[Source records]
▬▬▬
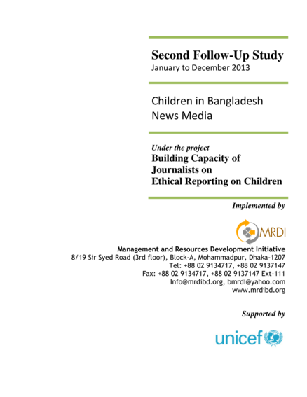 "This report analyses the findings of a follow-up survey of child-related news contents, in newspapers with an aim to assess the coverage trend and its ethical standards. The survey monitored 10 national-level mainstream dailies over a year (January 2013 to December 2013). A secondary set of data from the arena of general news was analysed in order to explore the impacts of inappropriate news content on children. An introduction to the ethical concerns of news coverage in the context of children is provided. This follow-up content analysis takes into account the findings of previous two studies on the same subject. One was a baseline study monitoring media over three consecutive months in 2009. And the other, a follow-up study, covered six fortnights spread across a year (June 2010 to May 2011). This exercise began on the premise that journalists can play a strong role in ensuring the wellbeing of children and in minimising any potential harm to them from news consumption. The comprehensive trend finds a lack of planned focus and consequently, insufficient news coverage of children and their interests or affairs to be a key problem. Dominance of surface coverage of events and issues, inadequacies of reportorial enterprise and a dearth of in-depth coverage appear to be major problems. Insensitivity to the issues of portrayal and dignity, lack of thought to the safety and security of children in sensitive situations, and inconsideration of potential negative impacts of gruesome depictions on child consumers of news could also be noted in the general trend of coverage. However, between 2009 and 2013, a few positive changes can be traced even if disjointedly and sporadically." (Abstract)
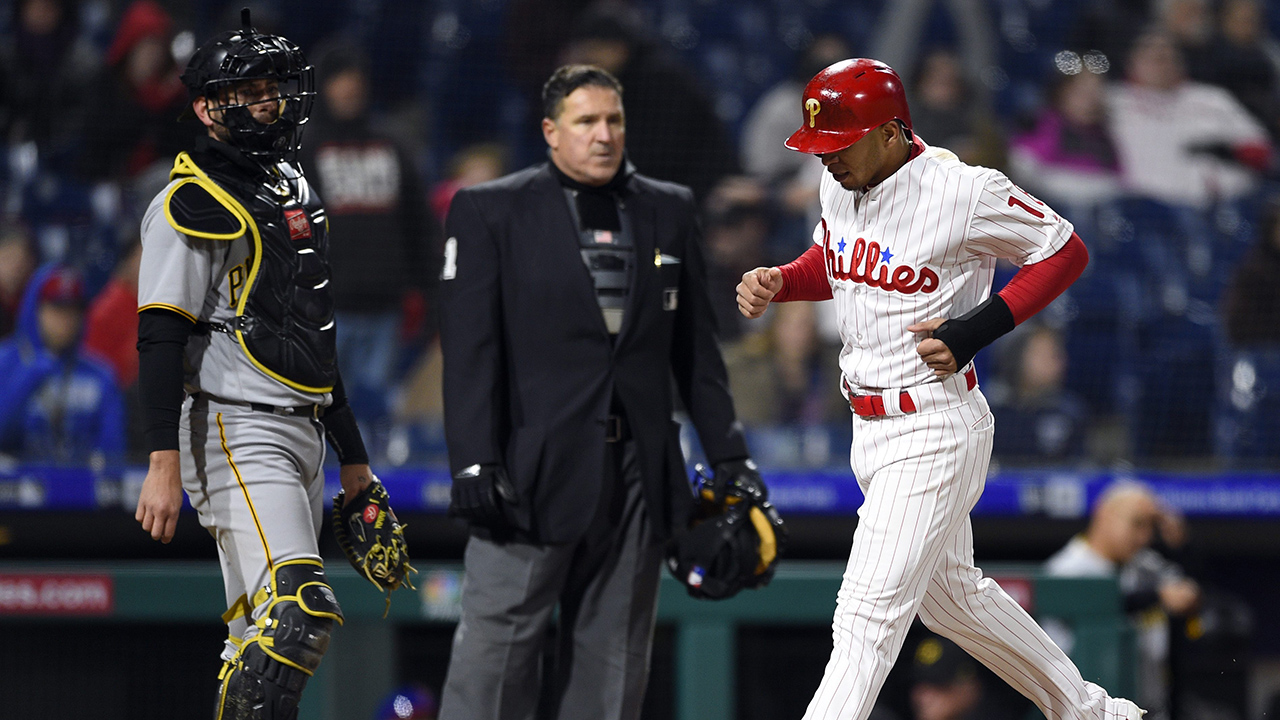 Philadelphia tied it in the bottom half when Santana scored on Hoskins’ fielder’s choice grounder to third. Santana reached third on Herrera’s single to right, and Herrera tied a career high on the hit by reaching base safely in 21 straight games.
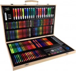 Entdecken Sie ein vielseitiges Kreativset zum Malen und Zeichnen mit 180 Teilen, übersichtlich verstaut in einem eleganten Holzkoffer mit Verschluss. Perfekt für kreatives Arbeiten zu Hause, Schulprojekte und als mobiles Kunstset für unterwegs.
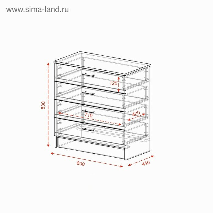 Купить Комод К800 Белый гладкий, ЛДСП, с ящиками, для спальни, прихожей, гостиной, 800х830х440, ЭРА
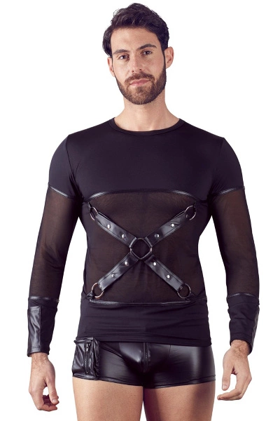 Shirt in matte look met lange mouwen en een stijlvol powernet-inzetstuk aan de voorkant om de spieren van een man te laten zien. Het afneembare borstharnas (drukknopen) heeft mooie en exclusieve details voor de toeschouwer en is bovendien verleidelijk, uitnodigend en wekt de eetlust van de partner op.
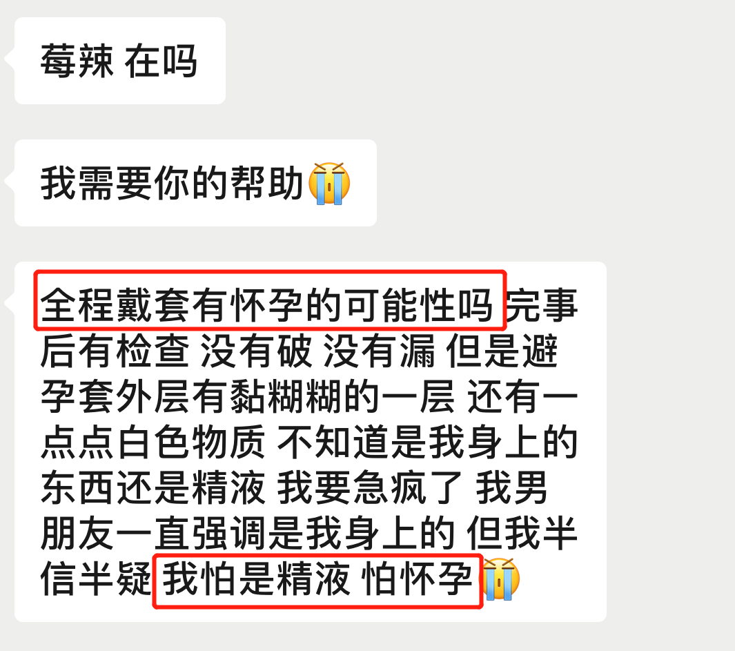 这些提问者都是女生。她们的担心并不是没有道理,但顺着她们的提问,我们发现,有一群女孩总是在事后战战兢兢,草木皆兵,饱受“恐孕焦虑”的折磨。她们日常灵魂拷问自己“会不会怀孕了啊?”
▬▬▬
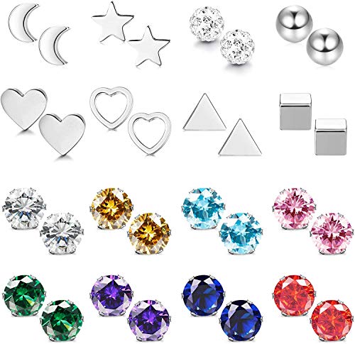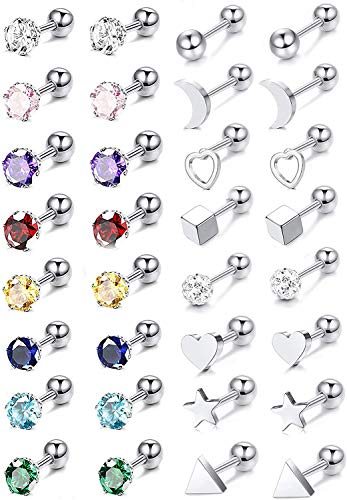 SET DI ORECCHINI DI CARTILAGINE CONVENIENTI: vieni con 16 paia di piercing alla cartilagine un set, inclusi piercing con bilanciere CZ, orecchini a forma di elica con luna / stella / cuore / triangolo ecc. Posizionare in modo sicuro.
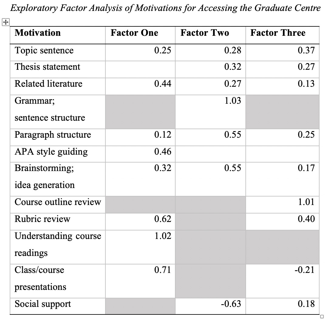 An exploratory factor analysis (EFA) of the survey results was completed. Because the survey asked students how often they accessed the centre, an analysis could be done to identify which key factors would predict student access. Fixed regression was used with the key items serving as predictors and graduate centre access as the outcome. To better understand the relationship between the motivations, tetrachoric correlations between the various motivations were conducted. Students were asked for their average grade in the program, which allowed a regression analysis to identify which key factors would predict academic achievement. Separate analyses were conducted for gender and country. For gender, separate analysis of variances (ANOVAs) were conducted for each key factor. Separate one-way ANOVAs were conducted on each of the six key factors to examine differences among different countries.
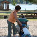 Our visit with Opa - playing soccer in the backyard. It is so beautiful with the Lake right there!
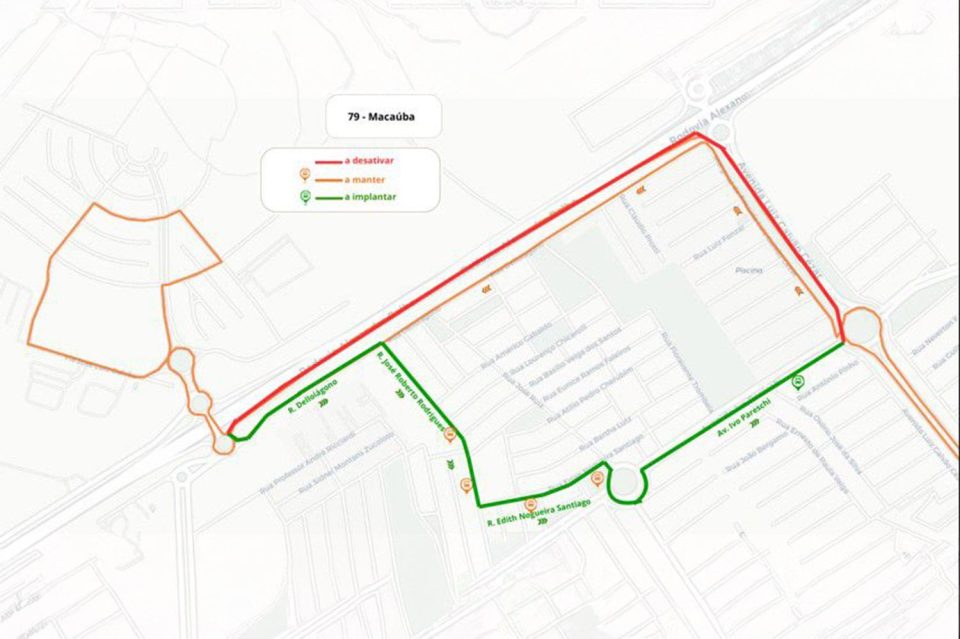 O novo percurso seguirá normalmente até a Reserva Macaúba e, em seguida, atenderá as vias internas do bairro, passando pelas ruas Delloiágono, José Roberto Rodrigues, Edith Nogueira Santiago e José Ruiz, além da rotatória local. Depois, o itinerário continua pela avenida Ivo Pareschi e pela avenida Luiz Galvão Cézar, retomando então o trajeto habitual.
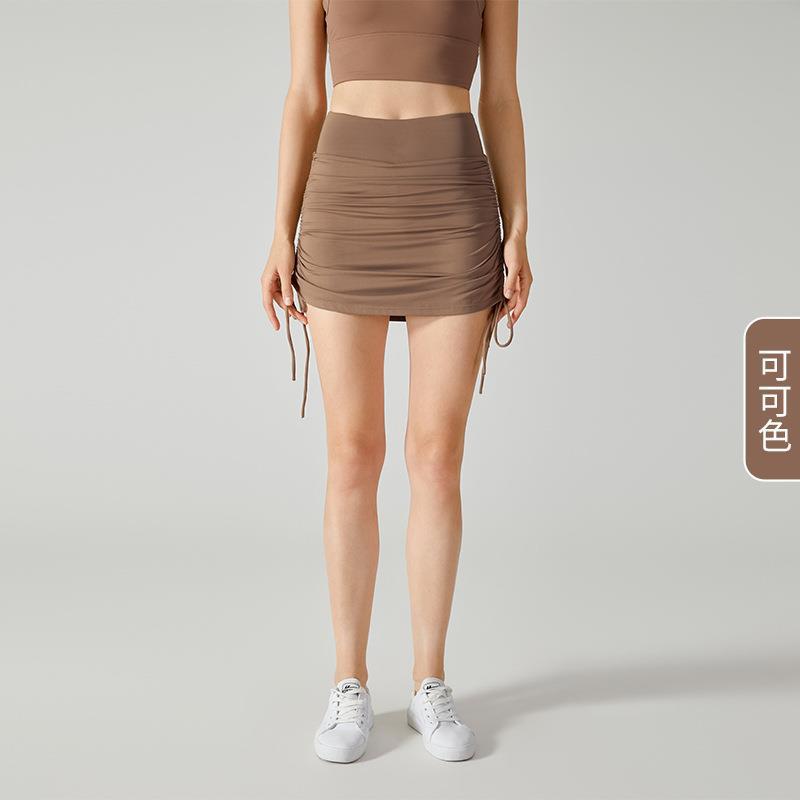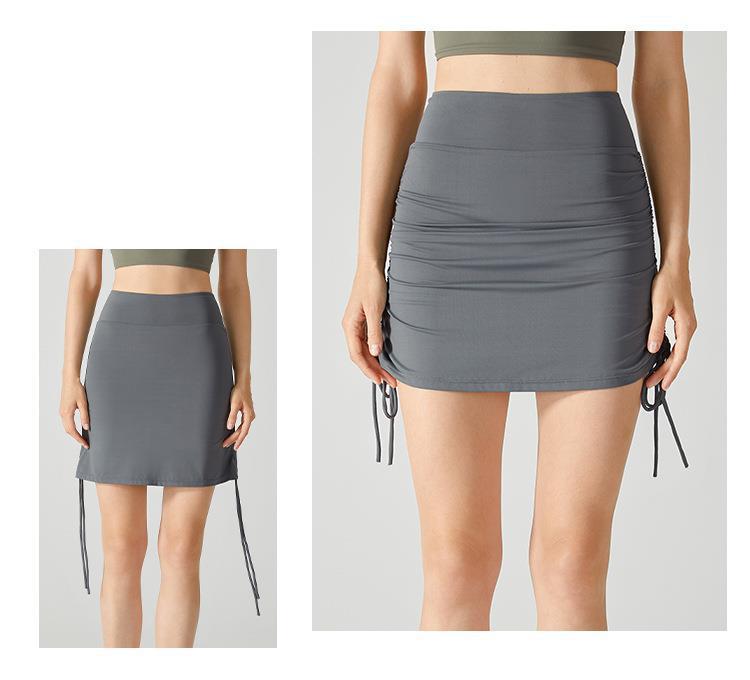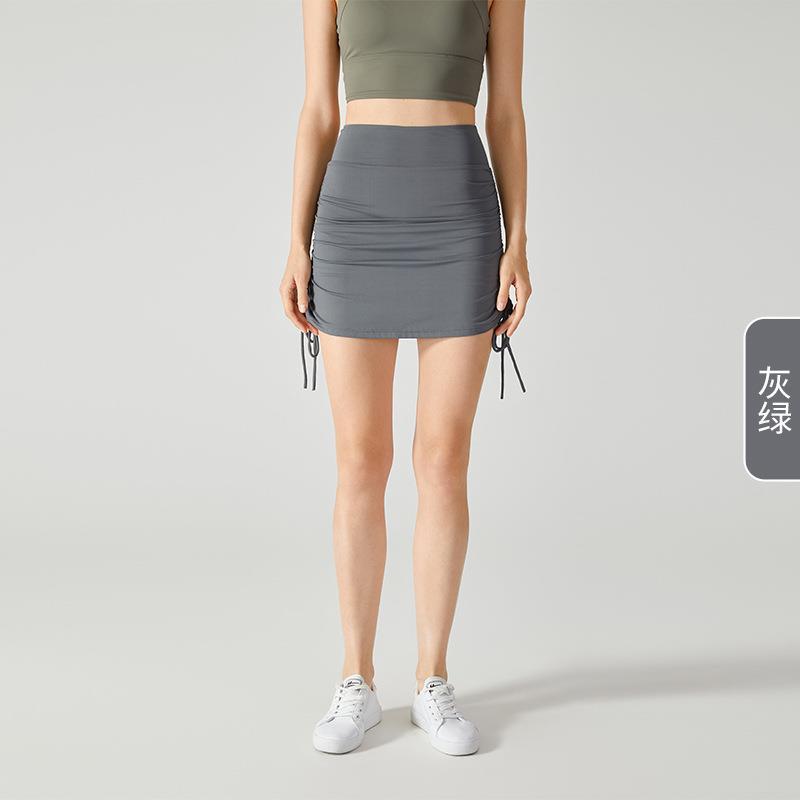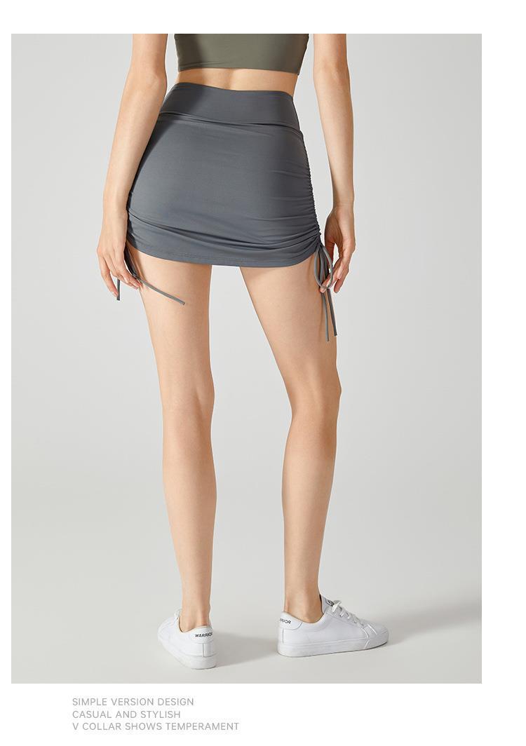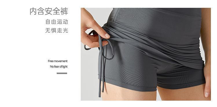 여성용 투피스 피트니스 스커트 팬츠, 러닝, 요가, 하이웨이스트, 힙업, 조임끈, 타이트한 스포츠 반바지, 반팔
▬▬▬
**Required work**
What are the lines above from the one with "Shirt in matte" to the one with "这些提问者都是女生。她们的担", both included? Reproduce them exactly, without pictures.

**Task answer**
 Shirt in matte look met lange mouwen en een stijlvol powernet-inzetstuk aan de voorkant om de spieren van een man te laten zien. Het afneembare borstharnas (drukknopen) heeft mooie en exclusieve details voor de toeschouwer en is bovendien verleidelijk, uitnodigend en wekt de eetlust van de partner op.
 这些提问者都是女生。她们的担心并不是没有道理,但顺着她们的提问,我们发现,有一群女孩总是在事后战战兢兢,草木皆兵,饱受“恐孕焦虑”的折磨。她们日常灵魂拷问自己“会不会怀孕了啊?”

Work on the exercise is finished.